Beşiktaş, Trabzonspor ile Vodafone Park'ta 2-2 berabere kaldı. Mücadelenin ardından yazılan köşe yazıları şu şekilde;
110
Dün akşam son derece eğlenceli, heyecanlı ve gitgelli bir şov vardı. Lens’in kaçırdığı pozisyon ve sonrasında Rodallega’nın golü, çok kısa zamana sığan bir drama patlamasıydı. İzlediğimiz bu çok iyi gösteri için teşekkür etmemiz gerekiyor.

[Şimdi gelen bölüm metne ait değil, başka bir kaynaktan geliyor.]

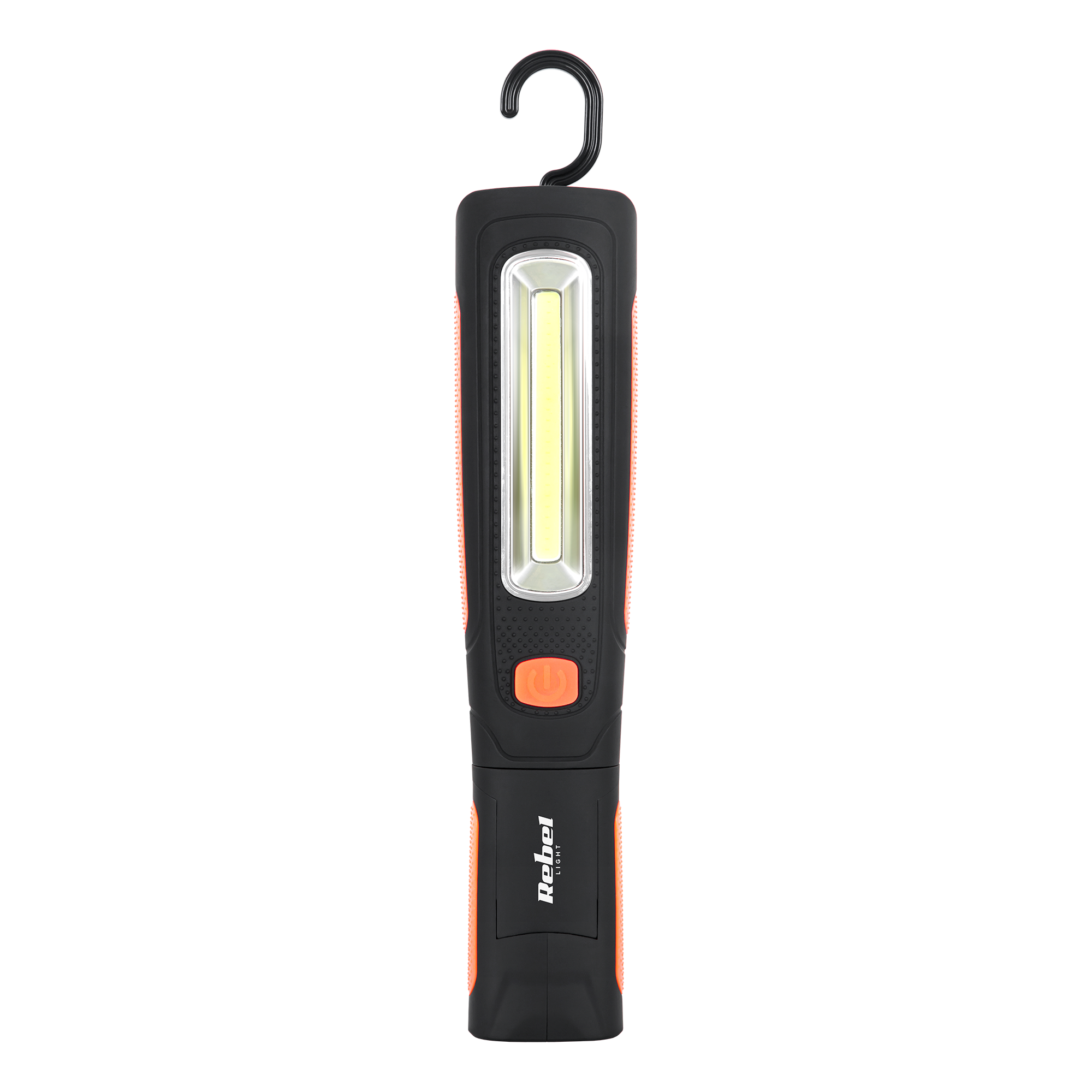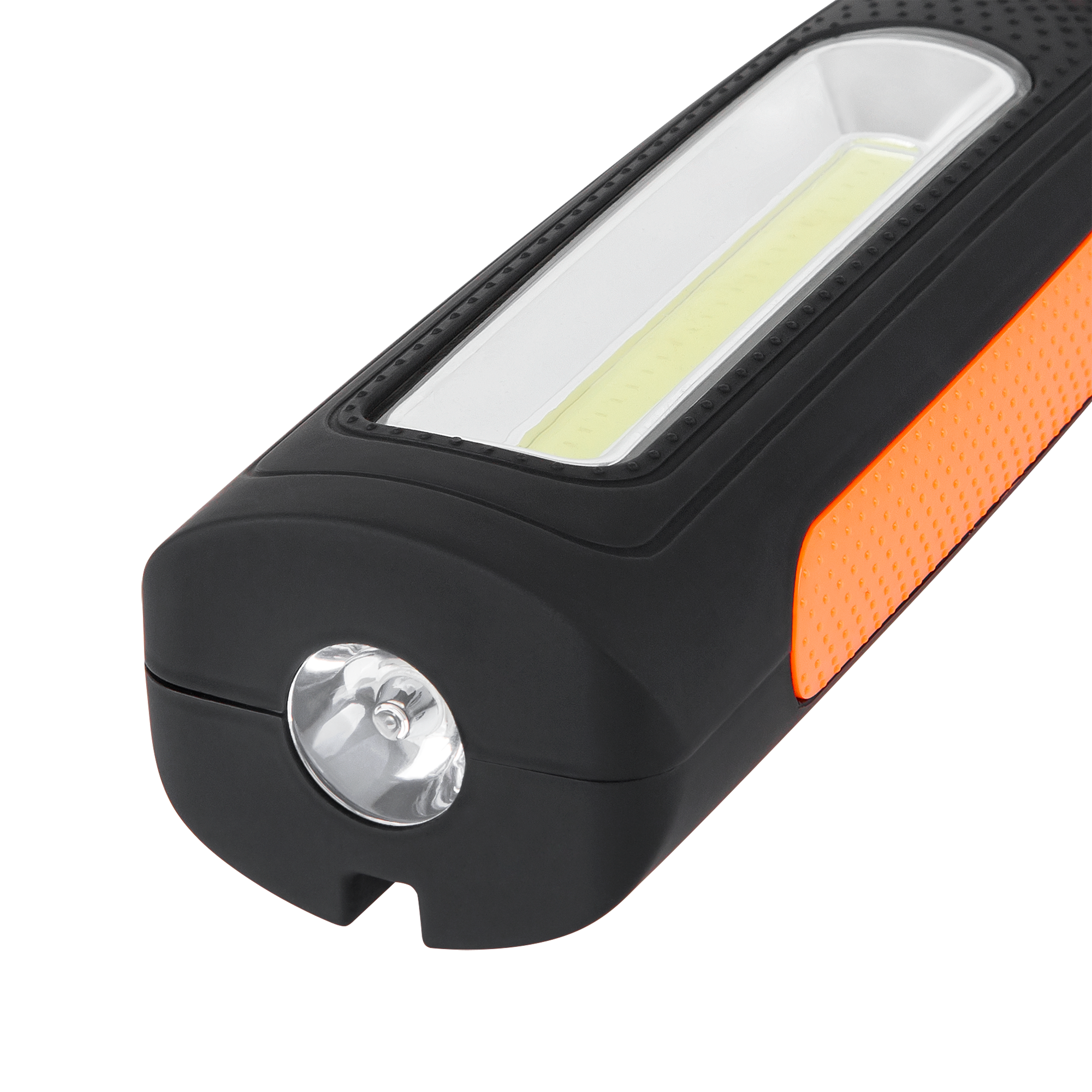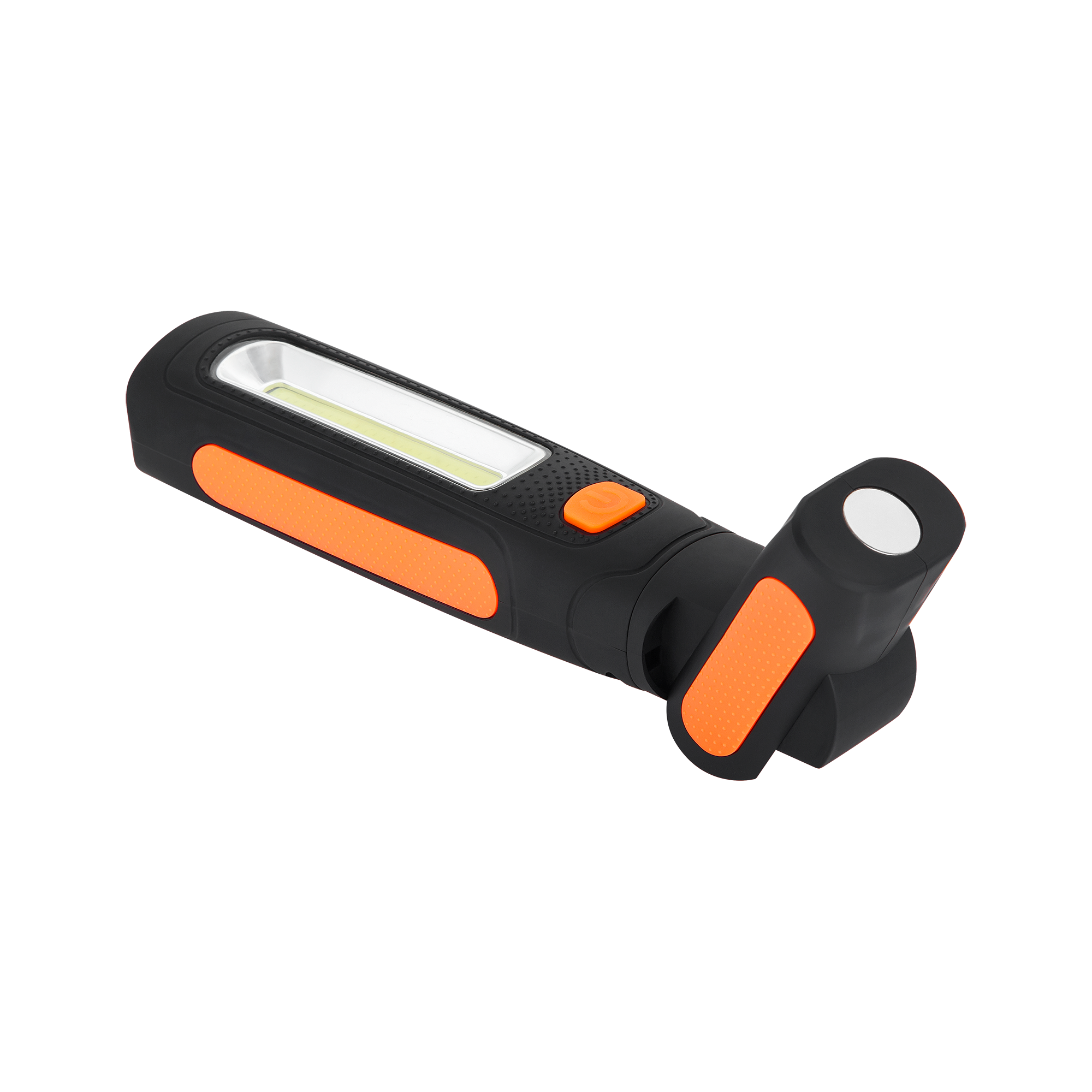 <h2>Wydajne oświetlenie LED</h2><p>Lampa warsztatowa wykorzystuje jedną diodę COB na przodzie o strumieniu światła 220 lumenów oraz dodatkową diodę LED na górze o strumieniu 60 lumenów. Dioda COB zapewnia zasięg świecenia do 20 metrów, idealny do oświetlenia bliskiego obszaru roboczego, natomiast dioda LED na górze świeci na odległość do 50 metrów, co jest przydatne przy bardziej szczegółowych pracach. Całkowita moc lampy to 3 W (COB) oraz 1 W (LED).</p>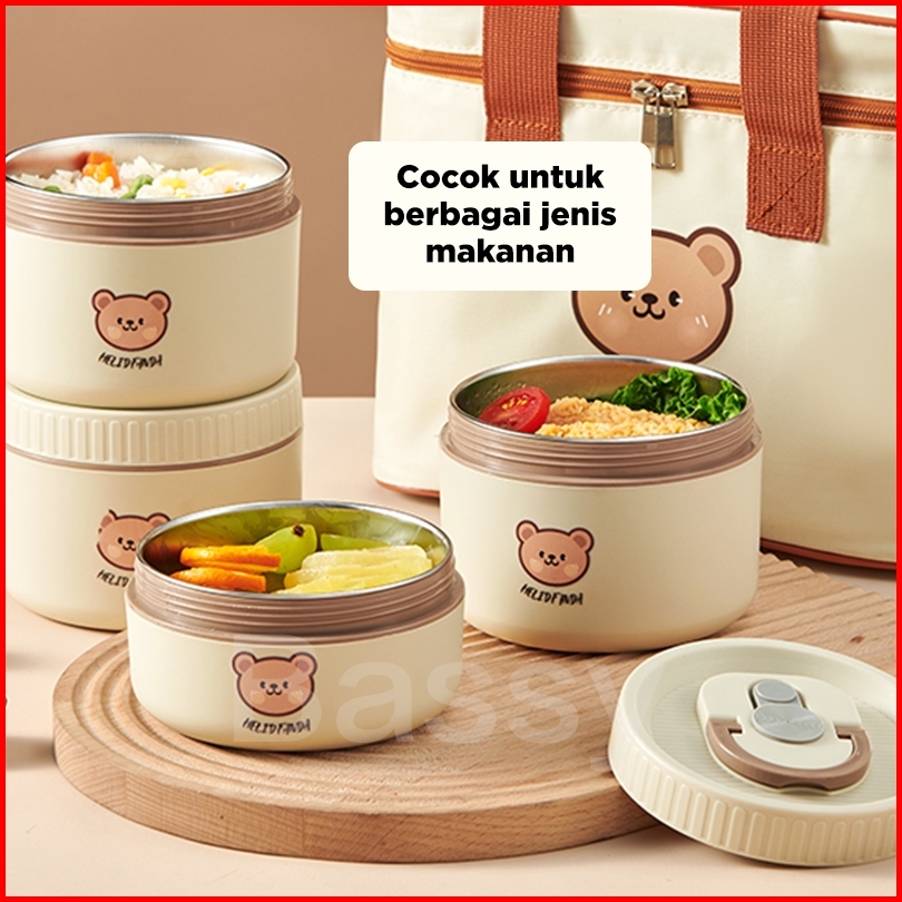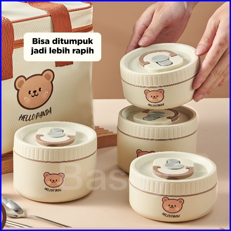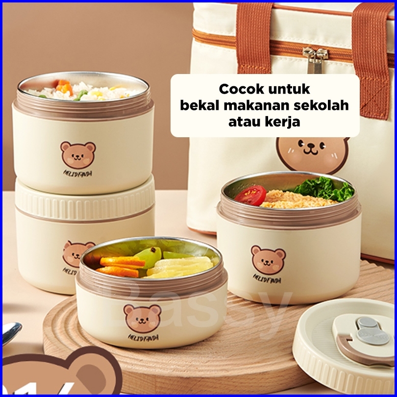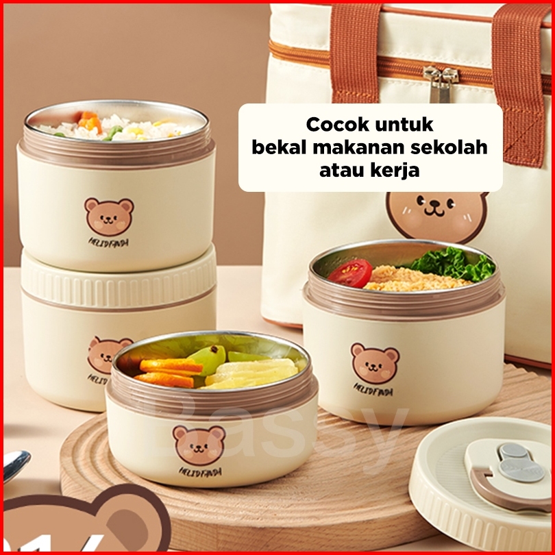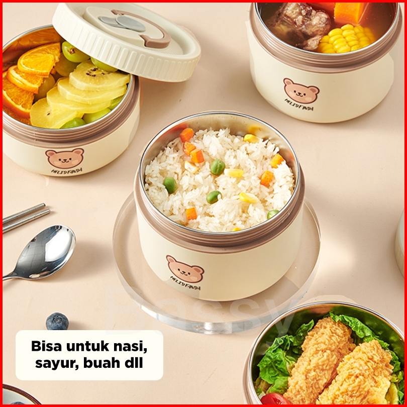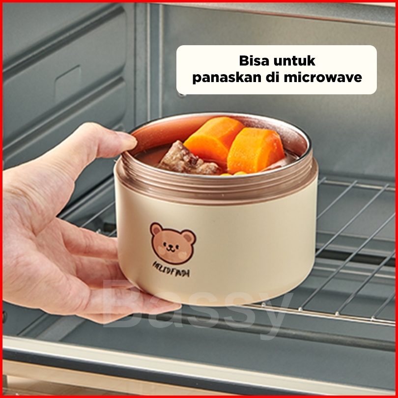 Bassy Lunchbox Stainless Tempat Bekal Sup Termos Mini Thermal Kotak Bekal Makan Tahan Panas Hmb108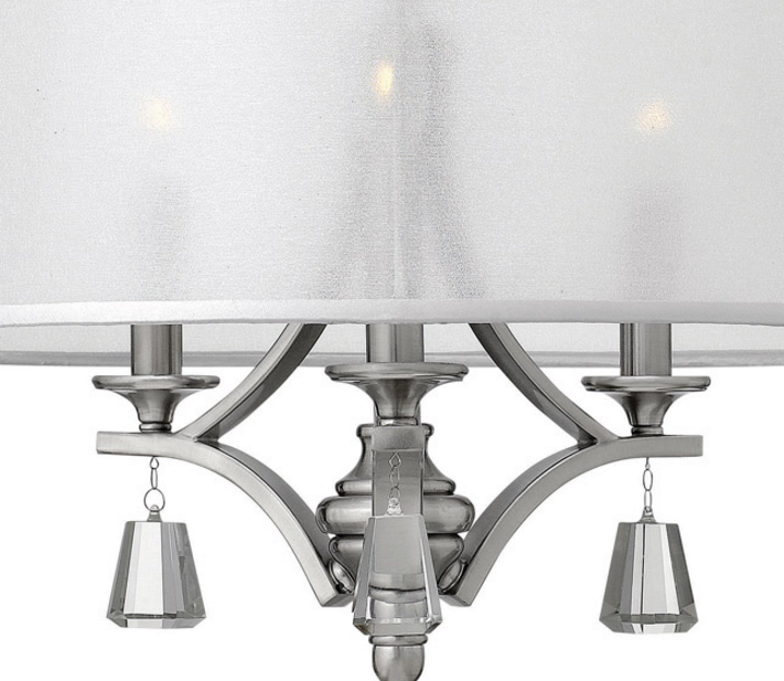This elegant collection in a Brushed Nickel finish features a sheer translucent double hardback shade and tapered square crystal accents.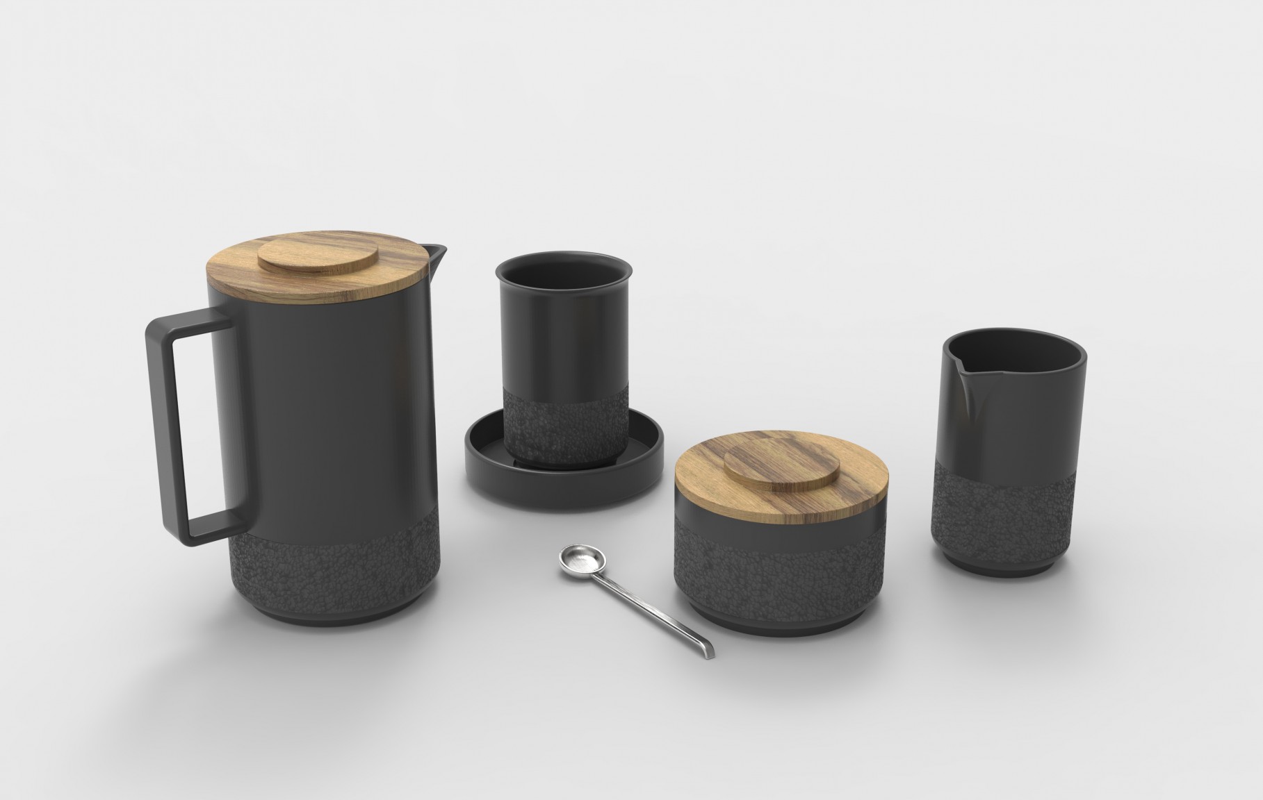 Beata Harding’s Steep is a cross cultural tea set, influenced by tea drinking cultures from across the world. The porcelain and olive wood tea set is designed to be a social catalyst, allowing for many different ways of preparing tea and facilitating positive, shared experiences through education and social interaction. It’s functional design allows for easy storage and cleaning.

Dün akşam memlekette saat 19.30’da yapılabilecek en iyi şeylerden birini yapmış olmanın keyfi var bende. Son derece eğlenceli, heyecanlı, gitgelli bir şov izledim. Lens’in attığı şahane golün sonrasında kaçırdığı net pozisyonun hemen ardından Rodallega’nın mükemmel bir kafa vuruşuyla 2-2’ye getirişi çok kısa zamana sığan bir drama patlamasıydı. Başından sonuna ama özellikle son 15 dakikada alınan risklerle çok iyi bir gösteri izledik. Öncelikle yapmamız gereken bir teşekkür etmek.
Güneş asla kabul etmez
Kuşkusuz bu güzel gösteriyi teknik heyetler aynı keyifle karşılamayacak. Az önce anlattığım o dramatik an, misal Şenol Güneş’in asla kabul edemeyeceği bir durum. Trabzsonspor 2 santrafora dönmüşken takım boyu iyice uzamışken ve çok top kabedereken, hem de 2-1 öndeyken rakibi bu kadar kolay kaleye getirmek onun canını sıkmıştır. Tabii bunun sebepleri var. Beşiktaş’ın bu maça çıkarken yaşadığı dezavantajı; Atiba, Oğuzhan ve Quaresma’nın yokluğunun ne demek olduğunu iyi anlamak lazım. Böyle bir eksiklik rakiplerinde olsa ne olurdu diye bir karşılaştırma yapılamaz. Çünkü bu kadar hayati rol oynayıp fark yaratan bir üçlü başka kimsede yok. Onlar yokken doğal olarak istenen pas trafiğinin yakalanması kolay değil.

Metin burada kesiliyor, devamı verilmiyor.